In a time of increasing distrust and defiance of citizens towards artificial intelligence, the scientific community is not left untainted by the recent scandals and must provide an answer to a justified concern of the society. OLKi wants to take part in that næscent effort by ensuring datasets and particularly linguistic datasets that are the essential resource of machine learning techniques can be easily hosted and interacted with for the whole scientific community, with the twofold objective of transparency and understandability of research data.
The OLKi project will connect researchers, scientists and citizens through the Fediverse. To do so it will extend the ActivityStreams language to support scientific research datasets and their related activities for the web, and create the OLKi platform to feature it.
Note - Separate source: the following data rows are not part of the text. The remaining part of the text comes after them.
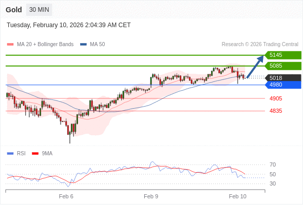 在 4980 之上,看涨,目标价位为 5085 ,然后为 5145 。
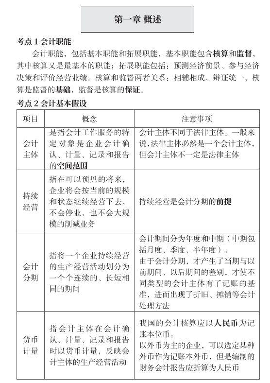 第一章主要包括会计的概念、职能和目标,会计的基本假设,会计的权责发生制和收付实现制;还有会计的信息质量要求、会计的职业道德、内部控制基础这几个重点。
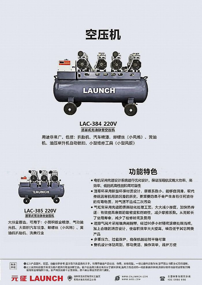 在工业生产与生活服务的诸多场景中,空压机作为提供动力的核心设备,其性能优劣直接影响着工作效率与质量。元征(LAUNCH)推出的活塞式无油静音空压机,凭借先进技术与出色设计,成为各领域的理想之选,为不同需求的用户带来高效、可靠的动力支持。
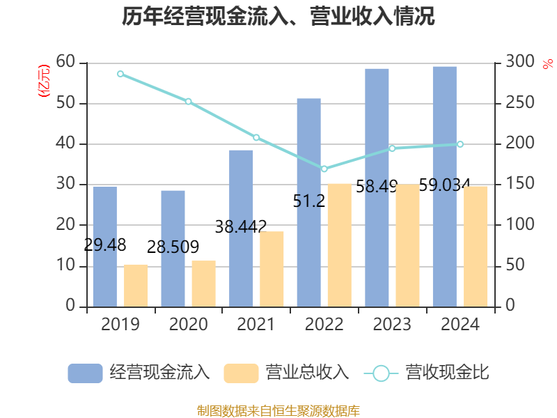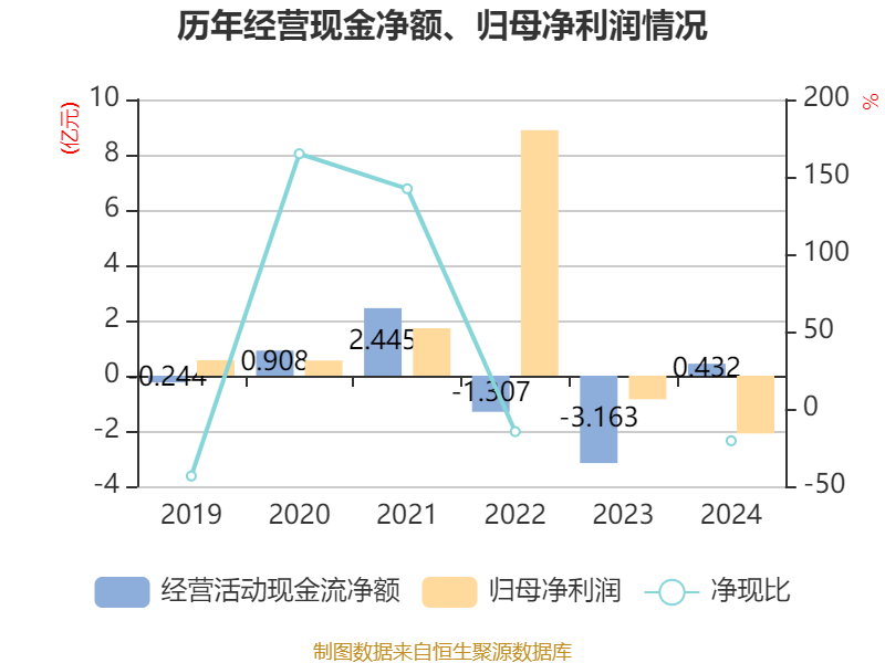 截至2024年,公司经营活动现金流净额为4315.88万元,同比增加3.59亿元;筹资活动现金流净额-2603.27万元,同比增加1237.83万元;投资活动现金流净额-5.13亿元,上年同期为-3299.75万元。
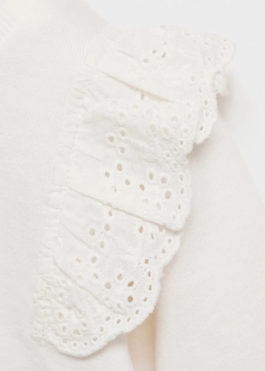 Bawełna 100%. Model prosty. Falbanka z haftem szwajcarskim. Kołnierz, mankiety i dół z prążkowanej dzianiny. Okrągły dekolt. Zapięcie przy szyi.
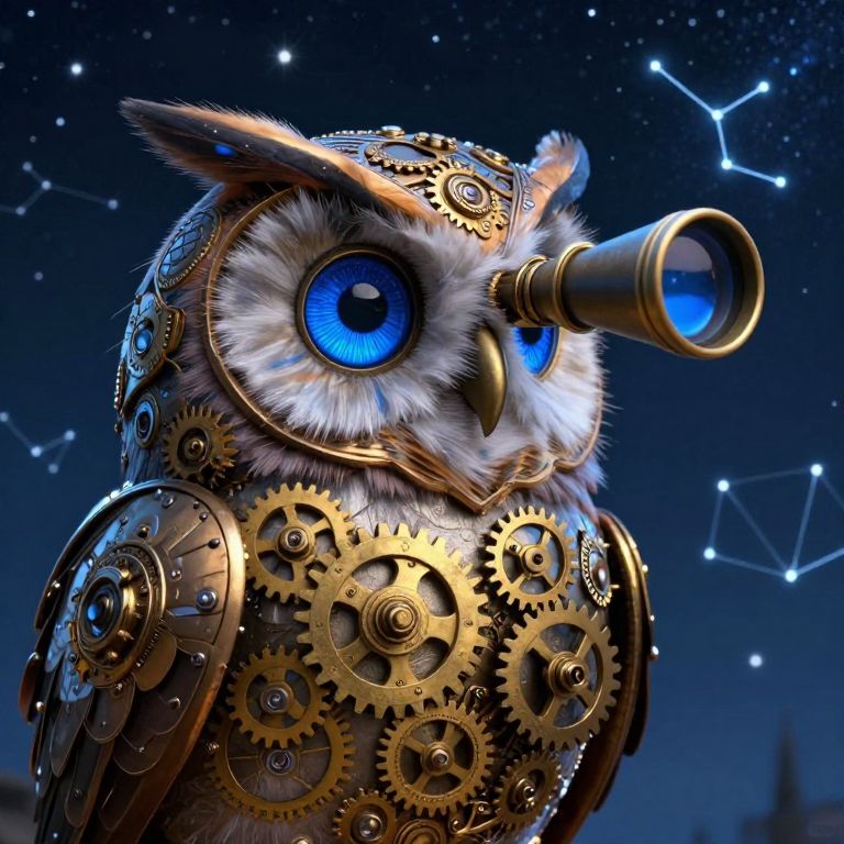 In a steampunk-inspired digital artwork, a clockwork owl adorned with intricate gold gears and a telescope-fitted eye gazes intently at the starry night sky, its vibrant blue eyes and fluffy feathers contrasting against the celestial backdrop as it maps constellations and whispers forgotten myths with each blink.
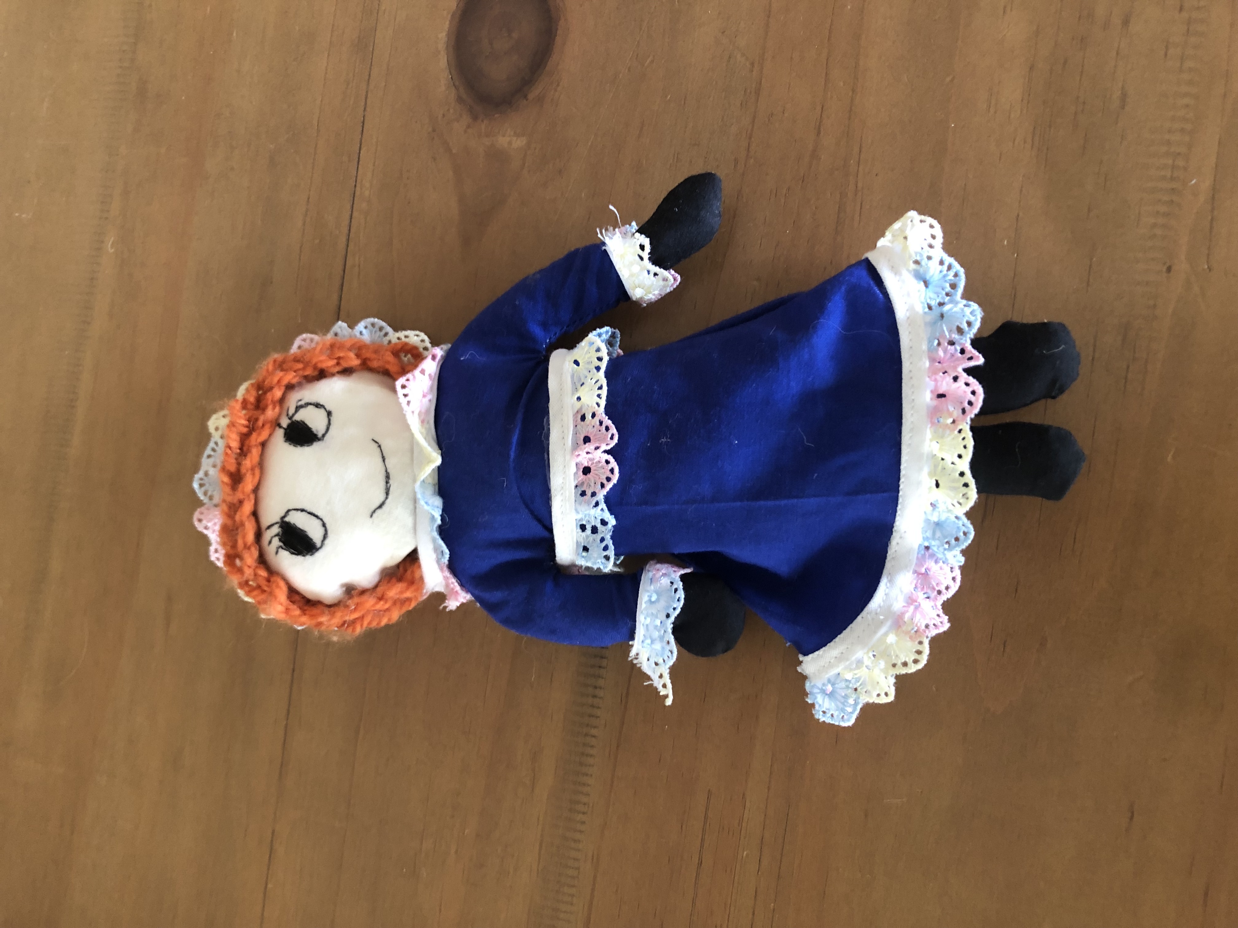 I started making the doll by cutting out two pieces of the body and sewing them together. After I made the head, I sewed the dress, hot glueing it on in some places. I crocheted the hair and hot glued it as well (I think hot glue is a crafter’s best friend).

The Fediverse is originally a social-network-oriented text communication platform that has emerged as a citizen initiative in 2017. It has quickly grown, both in number of users (more than 2.5 million users in November 2018) and supported functionalities, including for instance blog-like platforms (Plume), image sharing (Pixelfed), video sharing (PeerTube), audio sharing (funkwhale), etc. all while maintaining the basics for compatibility and interoperability (Pleroma being one of the main examples). One of the main strengths of the Fediverse is that all of these features are interconnected together through open standards, enabling users of one feature to access other features as well. A major side-effect is that web applications don't have to compete with each other but can understand each other (with a degree of compatibility). It might seem insignificant since it just amounts to the classic gains of using open standards. However in the case of social interactions, it allows even small and novel software to free themselves from Metcalfe's law by gaining support from existing communities.
The OLKi project will further enhance the Fediverse with a new functionality oriented towards scientific communication and research results dissemination. This will fill the current need of a dedicated global and open communication platform between researchers, but also between scientists and citizens. A need that is currently (partially) covered by sites such as Reddit, although we argue they are unfit for the role. In that sense it will be more than a platform to host datasets and provide features that current dataset hosting platforms lack.